## Assignment
Return, word for word, only the lines of the data below that lie between the line with "على مدى عقود" and the line with "يزور رئيس قشتالة-لامنتشا", those two lines included.

## Dataset records
____

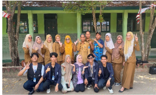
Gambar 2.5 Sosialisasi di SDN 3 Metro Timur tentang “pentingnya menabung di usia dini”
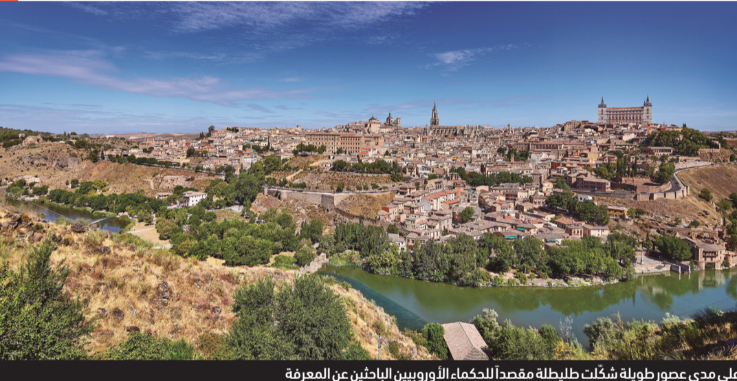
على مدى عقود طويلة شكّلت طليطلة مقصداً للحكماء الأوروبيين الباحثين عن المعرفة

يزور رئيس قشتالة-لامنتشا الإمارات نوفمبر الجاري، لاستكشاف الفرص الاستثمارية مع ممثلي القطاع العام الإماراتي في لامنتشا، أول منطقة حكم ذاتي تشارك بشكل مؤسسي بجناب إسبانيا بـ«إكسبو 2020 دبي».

____

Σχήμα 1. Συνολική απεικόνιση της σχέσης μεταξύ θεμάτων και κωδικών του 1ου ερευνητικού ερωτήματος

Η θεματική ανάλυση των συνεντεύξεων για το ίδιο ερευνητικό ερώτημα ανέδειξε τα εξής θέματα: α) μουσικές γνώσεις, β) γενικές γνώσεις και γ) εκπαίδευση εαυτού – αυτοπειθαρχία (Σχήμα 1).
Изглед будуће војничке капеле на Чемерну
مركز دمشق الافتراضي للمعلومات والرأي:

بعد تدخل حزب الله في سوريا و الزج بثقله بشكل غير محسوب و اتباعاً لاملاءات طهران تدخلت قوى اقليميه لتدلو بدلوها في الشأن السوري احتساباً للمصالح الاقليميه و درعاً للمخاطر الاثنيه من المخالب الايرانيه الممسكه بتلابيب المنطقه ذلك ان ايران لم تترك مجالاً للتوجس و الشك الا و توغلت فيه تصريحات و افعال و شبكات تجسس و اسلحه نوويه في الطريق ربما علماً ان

____

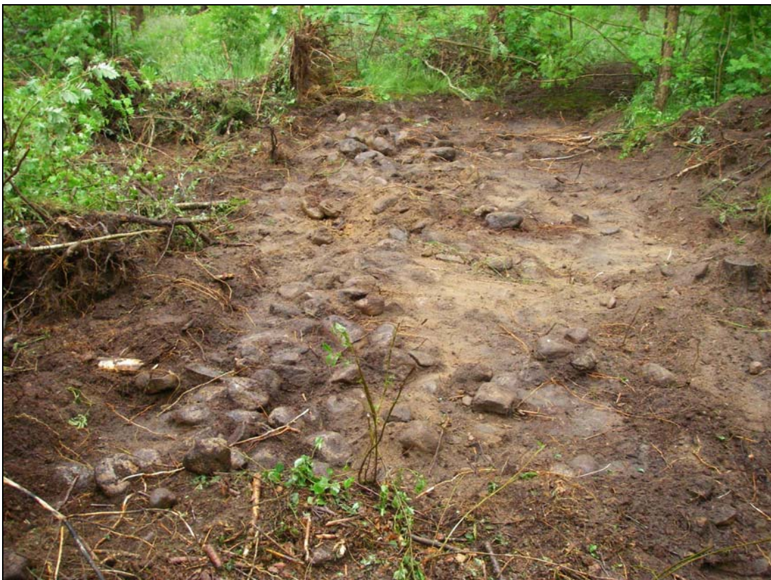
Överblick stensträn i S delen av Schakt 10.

____

## Response to this exercise
على مدى عقود طويلة شكّلت طليطلة مقصداً للحكماء الأوروبيين الباحثين عن المعرفة

يزور رئيس قشتالة-لامنتشا الإمارات نوفمبر الجاري، لاستكشاف الفرص الاستثمارية مع ممثلي القطاع العام الإماراتي في لامنتشا، أول منطقة حكم ذاتي تشارك بشكل مؤسسي بجناب إسبانيا بـ«إكسبو 2020 دبي».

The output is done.